TASK DESCRIPTION – Keep the pictures out while you transcribe the listing below exactly.

DATASET –
== == ==

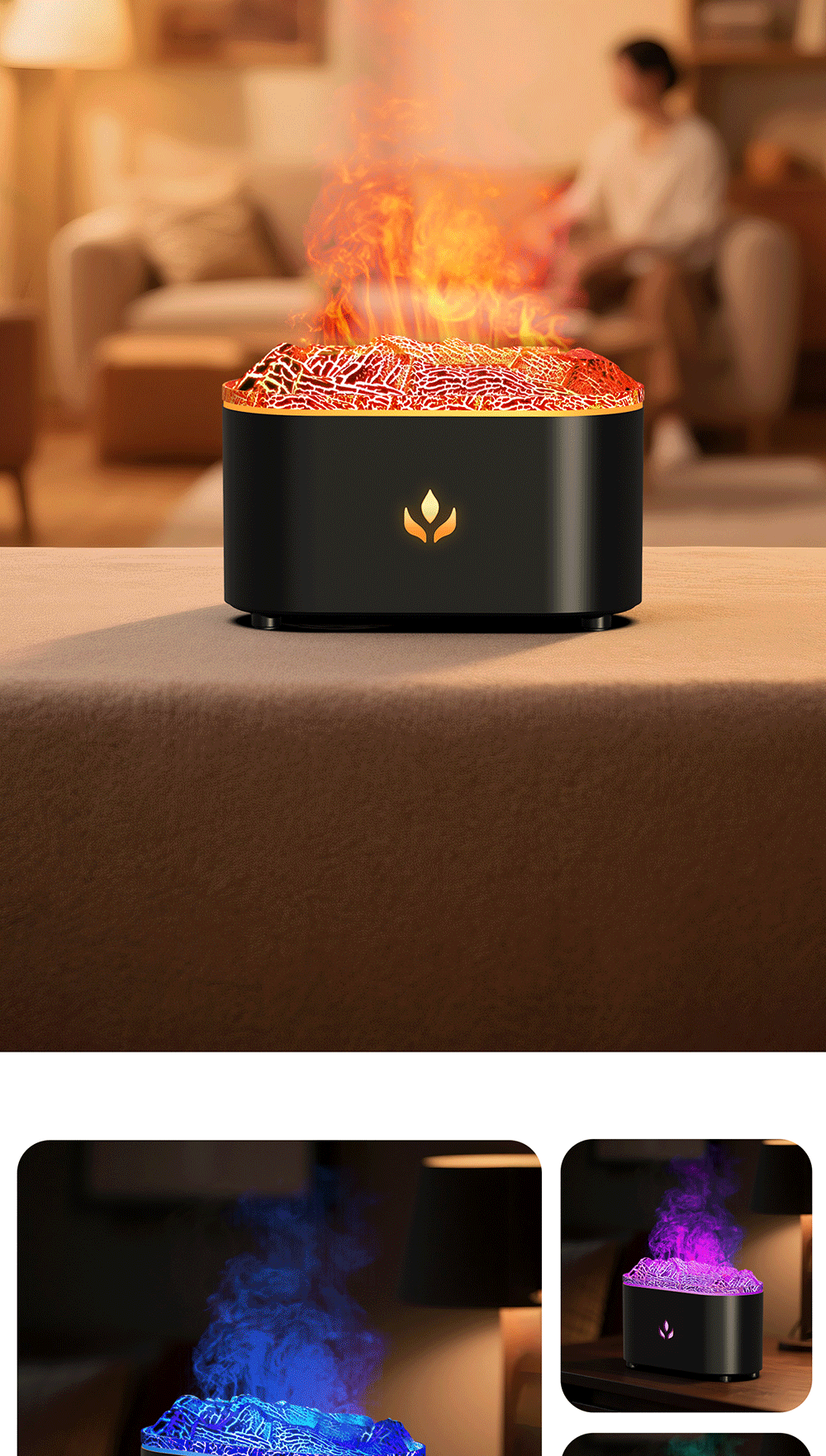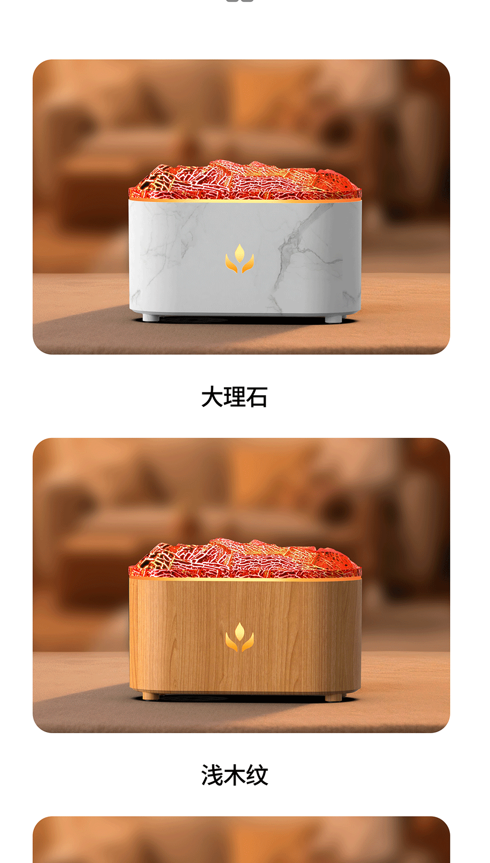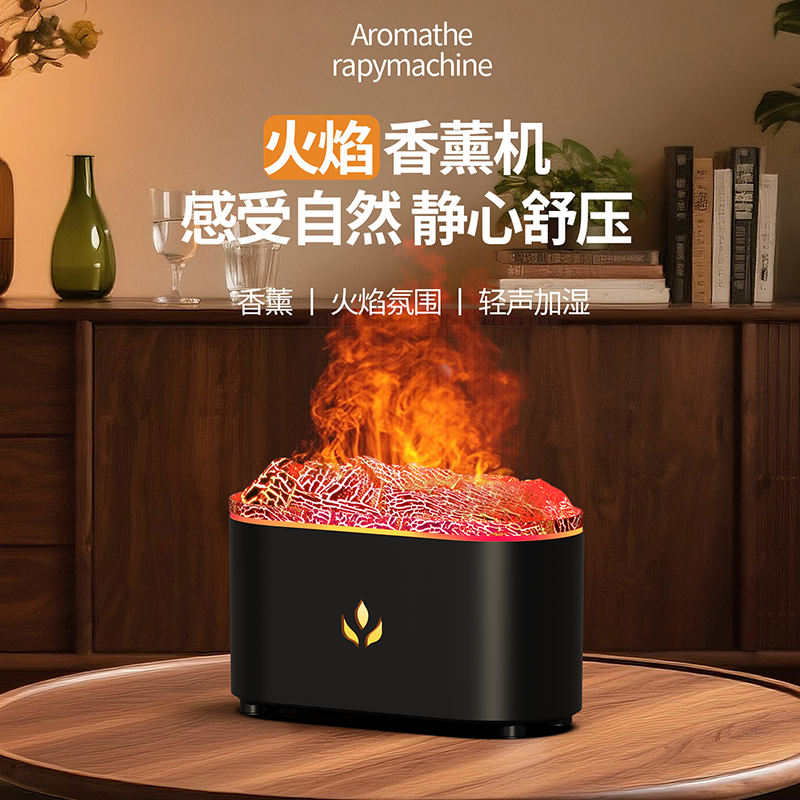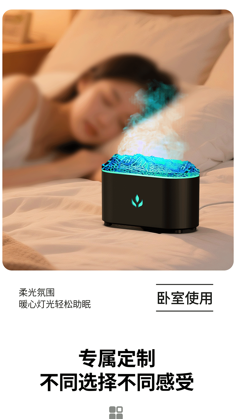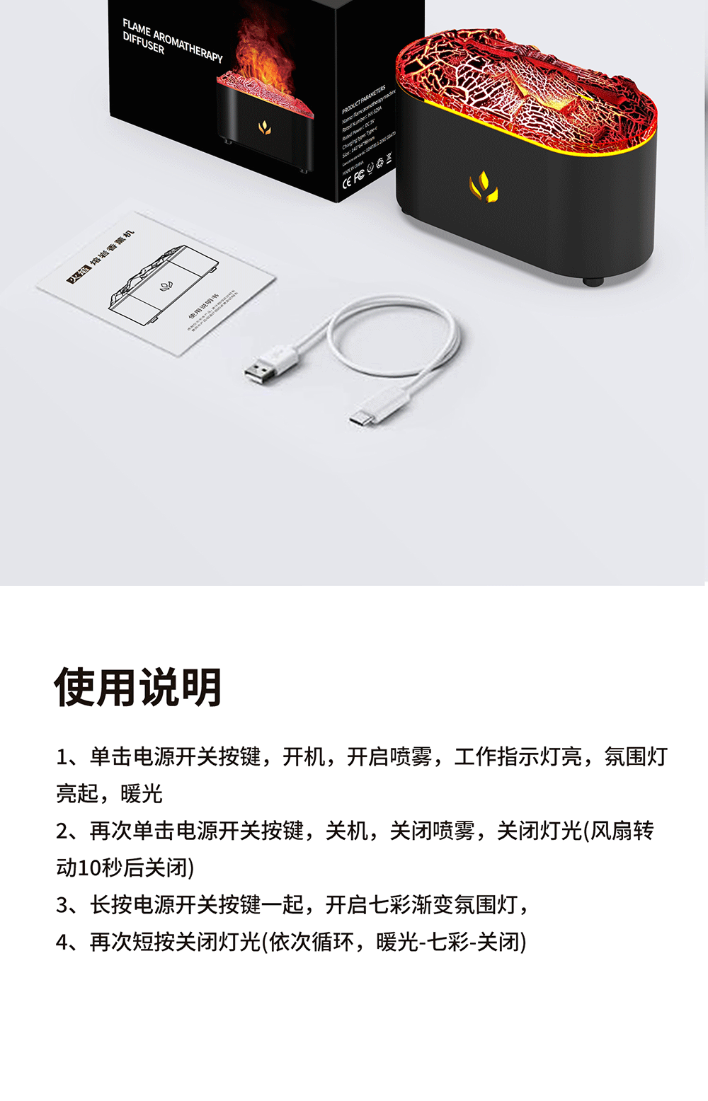 火焰喷雾,七彩灯光;内置风扇增压送雾,加快雾化流通;可添加香薰,持久清香
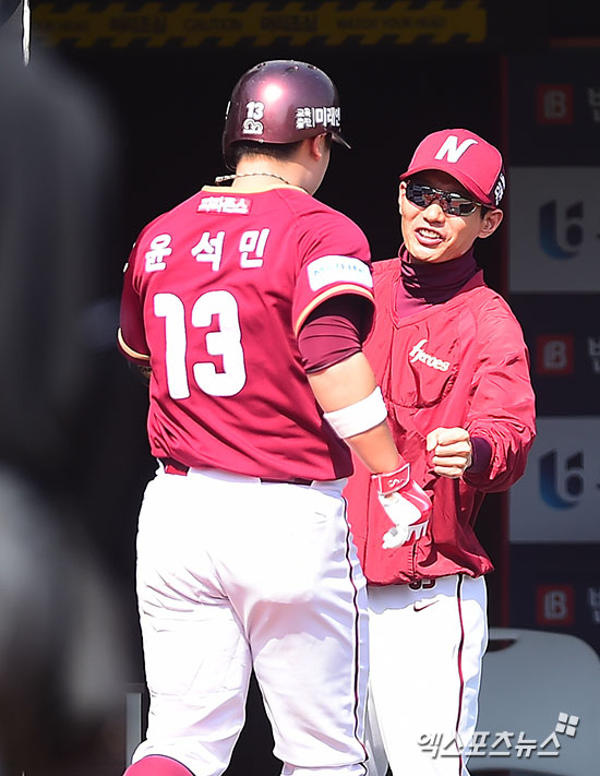 [엑스포츠뉴스=수원, 김한준 기자] 29일 오후 경기도 수원시 장안구 수원kt위즈파크에서 열린 '2016 타이어뱅크 KBO리그' 넥센 히어로즈와 kt 위즈의 경기, 6회초 1사 1,3루 넥센 윤석민이 스리런 홈런을 날린 후 염경엽 감독과 하이파이브를 하고 있다.
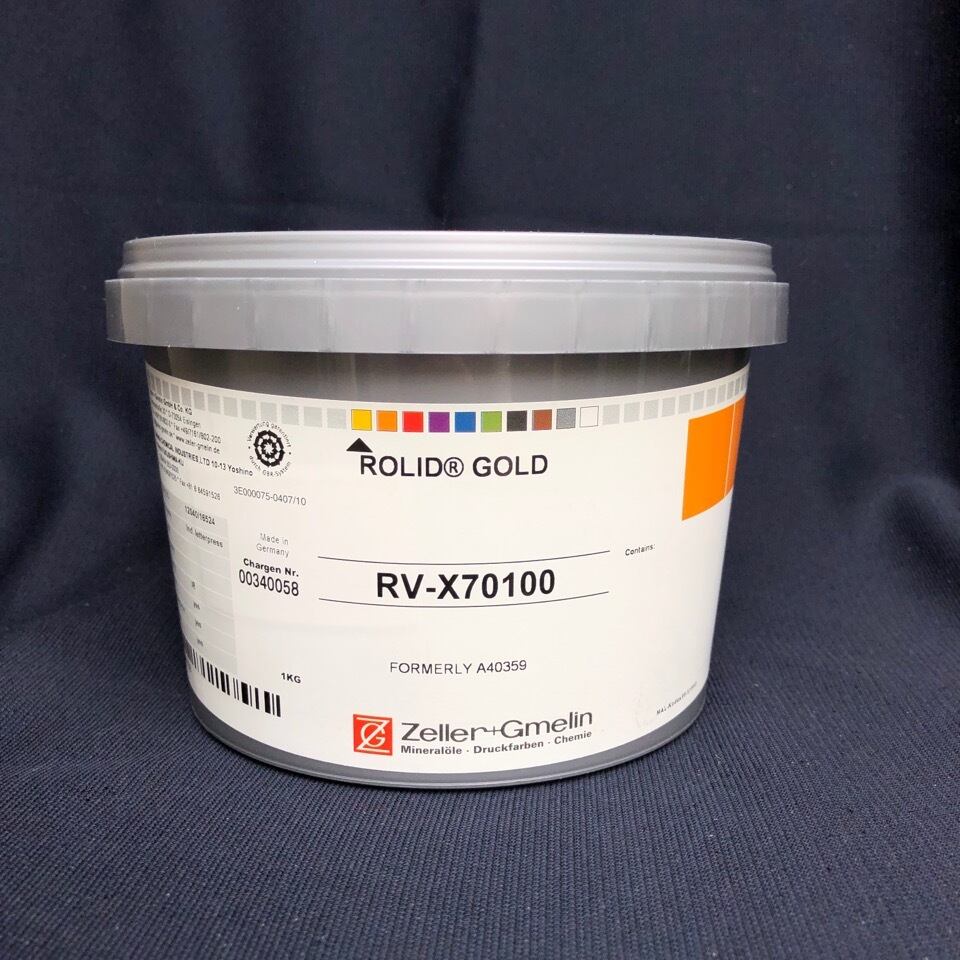 ドイツの化学製品メーカー、ゼラー社(Zeller+Gmelin社)のドライオフセット印刷用インキ「ROLID RV-X70100 Gold カッパー系ゴールド 赤金」です。
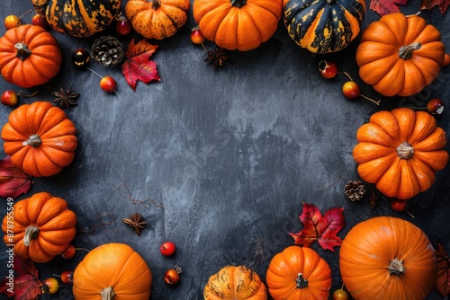 Halloween concept, background, pumpkins on a plain black background, with copy space
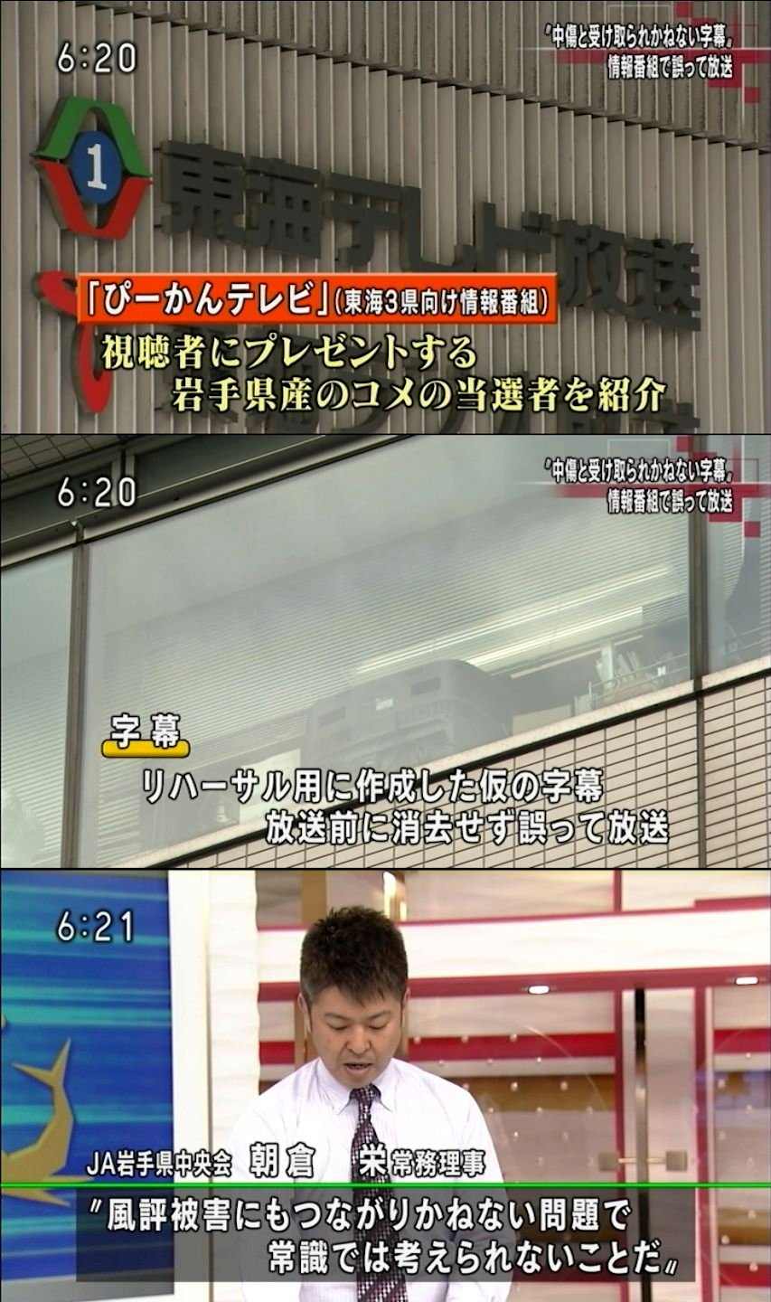◇番組放送中に「怪しいお米 セシウムさん」などが誤表示、東海テレビが謝罪

== == ==

REPLY TO THE EXERCISE –
 火焰喷雾,七彩灯光;内置风扇增压送雾,加快雾化流通;可添加香薰,持久清香
 [엑스포츠뉴스=수원, 김한준 기자] 29일 오후 경기도 수원시 장안구 수원kt위즈파크에서 열린 '2016 타이어뱅크 KBO리그' 넥센 히어로즈와 kt 위즈의 경기, 6회초 1사 1,3루 넥센 윤석민이 스리런 홈런을 날린 후 염경엽 감독과 하이파이브를 하고 있다.
 ドイツの化学製品メーカー、ゼラー社(Zeller+Gmelin社)のドライオフセット印刷用インキ「ROLID RV-X70100 Gold カッパー系ゴールド 赤金」です。
 Halloween concept, background, pumpkins on a plain black background, with copy space
◇番組放送中に「怪しいお米 セシウムさん」などが誤表示、東海テレビが謝罪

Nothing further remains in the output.